# Error: Express gate not installed



## trancemaniac (Jan 22, 2009)

I recently had a pc built for me & i noticed when i turn it on just before the asus bios screen i manage to read something along the lines of "error Express gate not installed". After the asus screen

1. the screen goes black and it says something along the lines of "hard drive not detected"
2. then there's a flashing _ on the top left screen which lasts afew secs
3. screen goes blank then vista is load up
4. desktop loaded

I have vista home premium 64bit
asus p5q-pro motherboard
intel e8400 cpu


----------



## ASharp (Jan 22, 2009)

Sounds pretty normal to me. Express Gate is kind of like this operating system that ASUS enables on a number of its newer boards. It's basically a version of Linux that the board allows you to boot into in case you need to use your computer for a quick task but don't want to boot all the way into Windows just to do it. You need to install it first though before the board will recognize it and boot into it otherwise it might give you the error. Personally, I just went into BIOS and disabled Express Gate.

As for the hard drive not detected...it sounds like the board might be searching for an eSATA device but didn't find one. Also perfectly normal.

I wouldn't worry too much about it.


----------



## trancemaniac (Jan 22, 2009)

Thanks i haven't been experiencing any problems after it's loaded into the OS, just during startup.

What do i press & when do i press it to get into bios on vista? The asus motherboard screen during startup only lasts half a second, do i do it then?

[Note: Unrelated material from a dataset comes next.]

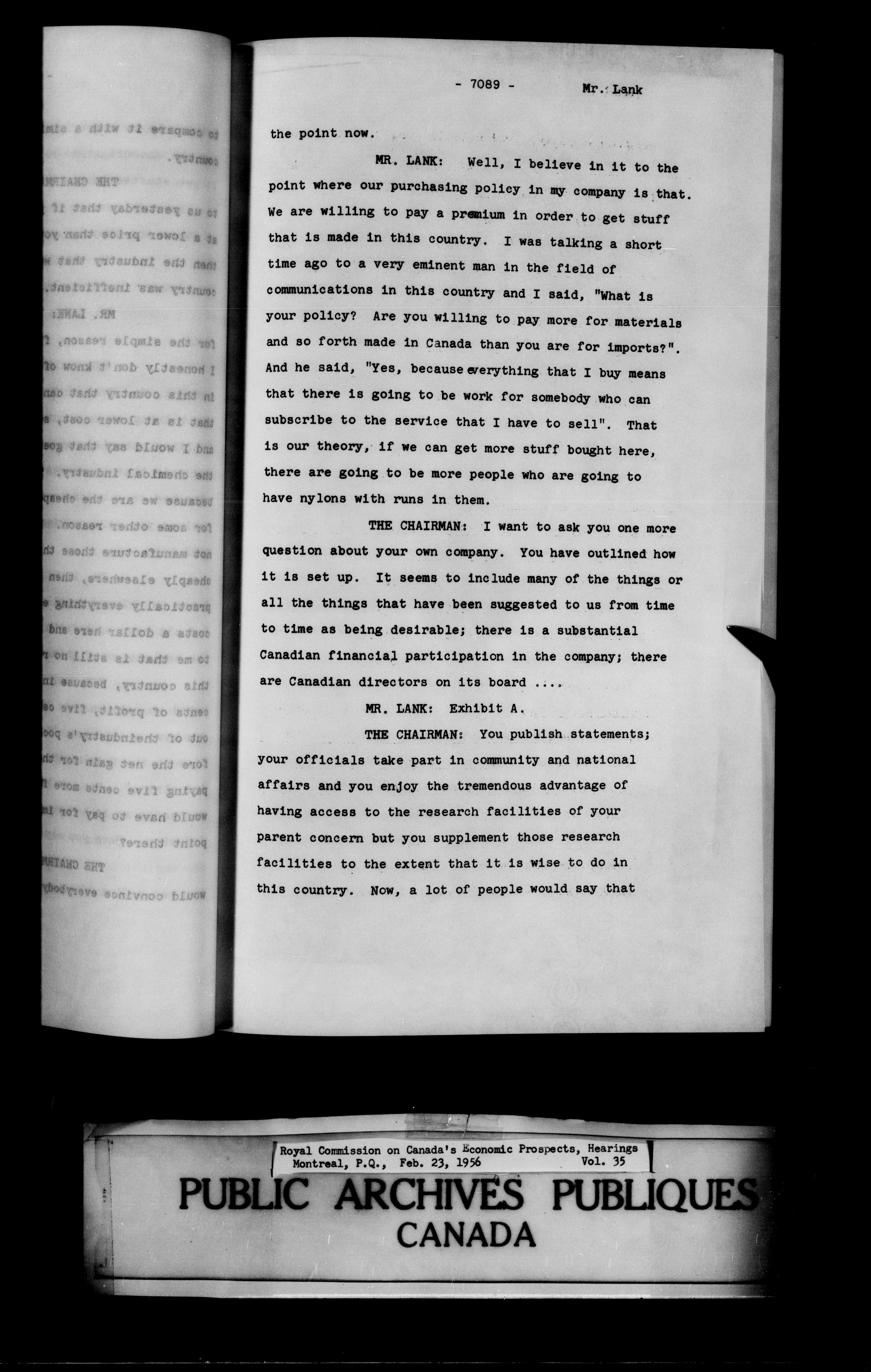 Royal Commission on Economic Prospects, Hearings - 1577

Also if i'm lost in the bios, what do i do to exit without saving? I dont want to make any mistakes and mess something up


----------



## ASharp (Jan 22, 2009)

Well, I don't recommend playing around in the BIOS unless you know what you're doing. In any case, if you want to get rid of the Express Gate error you can just disable it in BIOS. Immediately after you turn on your computer (and I do mean immediately), you should see the ASUS boot logo saying "P5Q Pro" or something like that. Just a big image that fills up the screen. At this point, you should hit the Delete key on your keyboard. This will load a screen with a blue background. Just press the left/right keys on your keyboard to navigate through the top level menus. When you find a menu that says something about Express Gate, press the down key until that option is highlighted and change it to Disable. Once you're done that, press F10 to save/exit and when it asks are you sure, press Y or yes or whatever it asks and that's it!


----------



## DRDNA (Jan 22, 2009)

Or you could goto Asus and down load the Express gate updater and then download the newest Expressgate listed and install it...


----------



## Pinchy (Jan 22, 2009)

Please list your system specs.

If your running a RAID array, it will not allow you to use express gate even if you install it within windows as its not compatible.


----------



## InnocentCriminal (Jan 22, 2009)

I'd agree with ASharp, if you're not familar or trust yourself enough to venture into the BIOS then I wouldn't. However if you want to remove the error message then entering and disabling it should solve your issue.

If the idea of Express Gate appeals to you and you do want to try it out, my advice would be for you to do as much research on it as possible so that you know exactly what you'll be dealing with. I remember reading a brief bit about it in this Bit-Tech review for the Deluxe version of your motherboard.


----------



## trancemaniac (Jan 23, 2009)

I will try disable it in BIOS. If i press f10 when i'm in BIOS is that to exit? i'd like to know what button to press if i'm lost to get out immediately!

I can't really post my system specs as i had this pc built for me, i don't know much about computers.

I know what express gate is, i think it gives you 5 secs bootup into internet/email if you're in a hurry. I don't need it


----------



## Thrackan (Jan 23, 2009)

If you get lost don't press F10. F10 is default for Save&Exit. Rather push escape a lot


----------



## iframe (Apr 22, 2009)

*Sata operation mode*

You must run sata in IDE mode otherwise it will not work so all the raid users forget this feature.
Good luck.


----------